Here a small benchmark:

using BioSequences
using BenchmarkTools
seq = randdnaseq(1*10^4) # only 10Kb string

@benchmark collect(locationgenerator(seq))

BenchmarkTools.Trial: 5 samples with 1 evaluation.
 Range (min … max):  1.197 s …   1.250 s  ┊ GC (min … max): 5.80% … 6.28%
 Time  (median):     1.222 s              ┊ GC (median):    6.42%
 Time  (mean ± σ):   1.220 s ± 21.299 ms  ┊ GC (mean ± σ):  6.24% ± 0.33%

  █      █                  █      █                      █  
  █▁▁▁▁▁▁█▁▁▁▁▁▁▁▁▁▁▁▁▁▁▁▁▁▁█▁▁▁▁▁▁█▁▁▁▁▁▁▁▁▁▁▁▁▁▁▁▁▁▁▁▁▁▁█ ▁
  1.2 s          Histogram: frequency by time        1.25 s <

 Memory estimate: 1.29 GiB, allocs estimate: 28430466.

Any suggestions on how to improve this?

Try adding @views here to avoid allocations of slices in that line:

Because things like this:

Allocate intermediate arrays.

(Although since this is a string, you may need something like StringViews.jl here)

Thanks,

I did try @views, and nothing changed though. It seems to still allocate the same memory.

How come?
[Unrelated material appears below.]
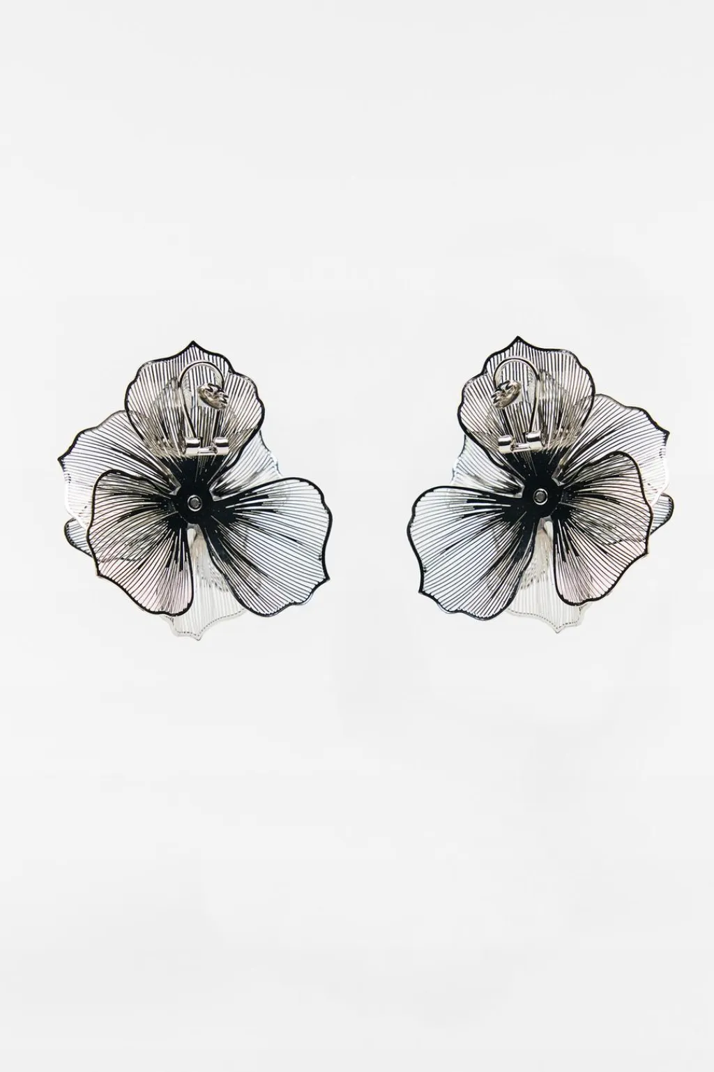 Pendientes metálicos con forma de flor en relieve. Acabados con línea esmaltada a contraste. Detalle aplicación de brillos. Cierre con tuerca y clip.
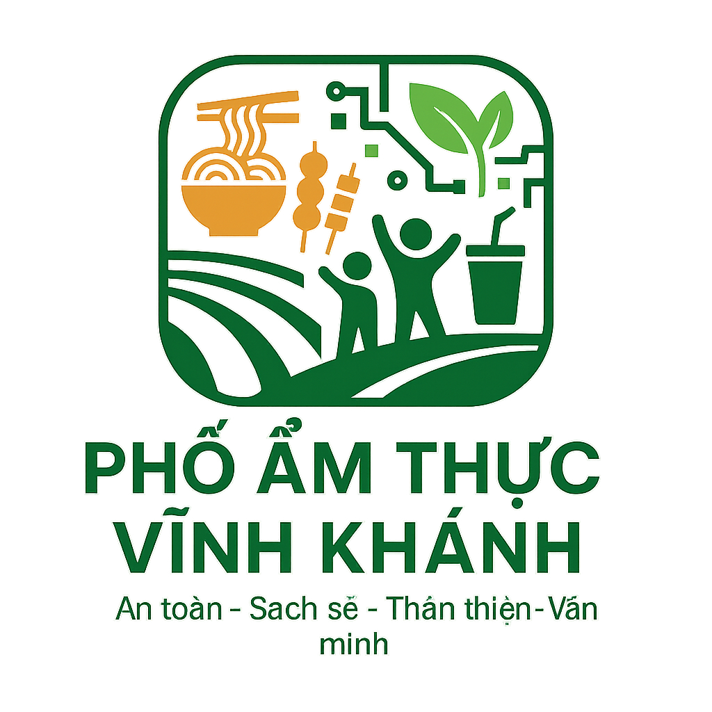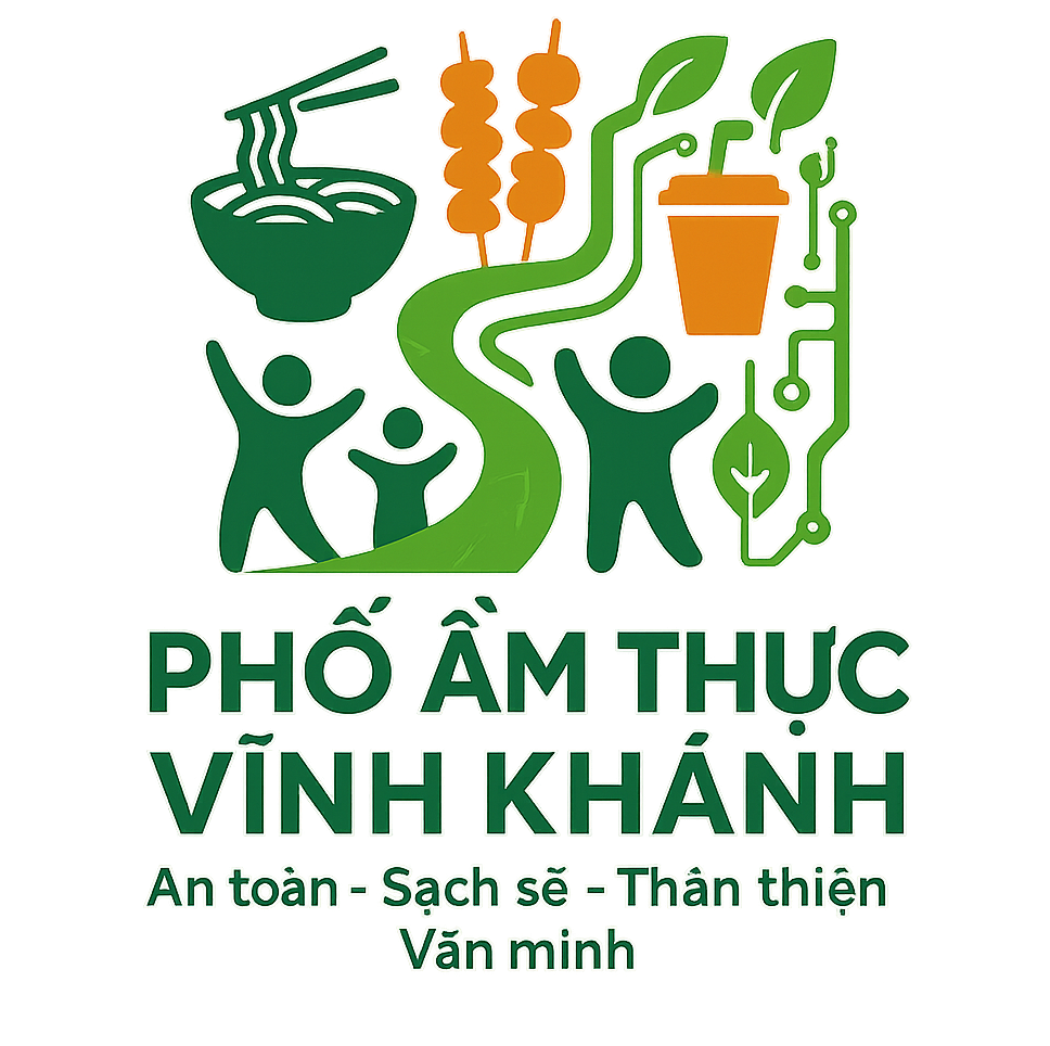 Design a professional vector logo for “Phố Ẩm Thực Vĩnh Khánh” – a modern, smart food street destination powered by green technology (4.0). The logo should convey a vibrant, clean, friendly, and civilized atmosphere. Include the slogan at the bottom: “An toàn – Sạch sẽ – Thân thiện – Văn minh”.

I thought that the BioSequences package could deal with these particular strings, but I’ll check StringViews.jl!

I’ve been playing with the string version of the sequence, I mean the problem is to find the sequences starting with the codon “ATG” and ending with a codon of these e = [“TAG”, “TAA”, “TGA”].
The execution time is 5000X less than the time it takes to collect(locationgenerator(seq)).
The result is the same only for the left end of the intervals.
Evidently I don’t quite understand what the conditions of the problem are.
But given the greater speed, it would be appropriate to follow a similar path, fixing what needs to be fixed.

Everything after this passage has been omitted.